= Estrildis =

Mistress of King Locrinus of the Britons

Estrildis was the beloved mistress of King Locrinus of the Britons and the mother of his daughter Habren, according to the 12th-century chronicler Geoffrey of Monmouth.

== Medieval literature ==
In Geoffrey's pseudohistorical Historia Regum Britanniae (History of the Kings of Britain), Estrildis, the daughter of a king in Germania, was brought to Britain as a captive of Chief Humber the Hun during his invasion following the death of King Brutus. Eventually Humber's Huns were defeated by Brutus' three sons, the eldest of whom—Locrinus—fell in love with the beautiful Germanic princess upon discovering her in one of Humber's ships.

Locrinus was forced to honour his prior betrothal to Gwendolen, the daughter of King Corineus of Cornwall, but kept Estrildis as his mistress. For seven years he secretly visited her in a cave beneath Trinovantum (London, i.e., "New Troy"), where she was cared for by servants. Estrildis bore him a daughter, Habren.

When Corineus died, Locrinus deserted Gwendolen and their son Maddan and declared Estrildis his queen.
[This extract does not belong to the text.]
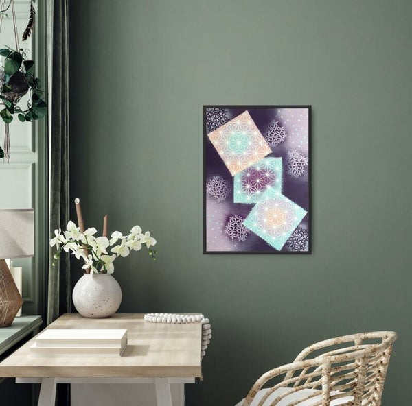 Het werk wordt zonder lijst geleverd, zodat je het geheel naar eigen smaak kunt inlijsten.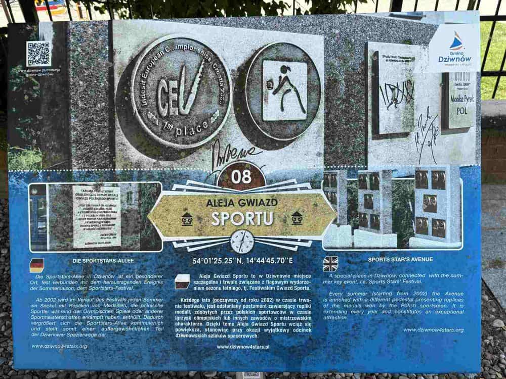 Dziwnów słynie z wyjątkowej atrakcji – Alei Gwiazd Sportu, gdzie można znaleźć tablice upamiętniające wybitnych polskich sportowców. Spacerując aleją, można natknąć się na odciski dłoni znanych postaci sportowych, takich jak olimpijczycy czy mistrzowie świata. Jest to ciekawy punkt na mapie miasta, który łączy historię sportu z wakacyjną atmosferą. W okolicy często organizowane są wydarzenia sportowe, a w sezonie letnim można spotkać tu znane osobistości ze świata sportu.

Gwendolen retaliated by raising a Cornish army against Locrinus and defeating him in battle; she then had Estrildis and her daughter, Habren, drowned in a river thereafter called Hafren in Welsh and Sabrina by the Romans (which is the River Severn in English).

== Post-medieval literature ==
Elstridis and her story feature in Elstrild by Charles Tilney (d. 1586), The Faerie Queene (1590) by Edmund Spenser, The Complaynt of Elstred (1593) by Thomas Lodge, and Locrine (1887) by Swinburne.

A variant of the story is told by Oliver Mathews, in which Estrildis is called Sŵs-wên, and Locrinus builds Caersws for her.

The story went on to inspire the folktale of Rosamund Clifford, mistress of King Henry II, being hidden in an underground labyrinth.

== Name ==
Her name is probably a Latinized form of the medieval name Estrild (Éastorhild), which survived in England only until the 12th century, according to the 1984 Oxford Dictionary of English Christian Names.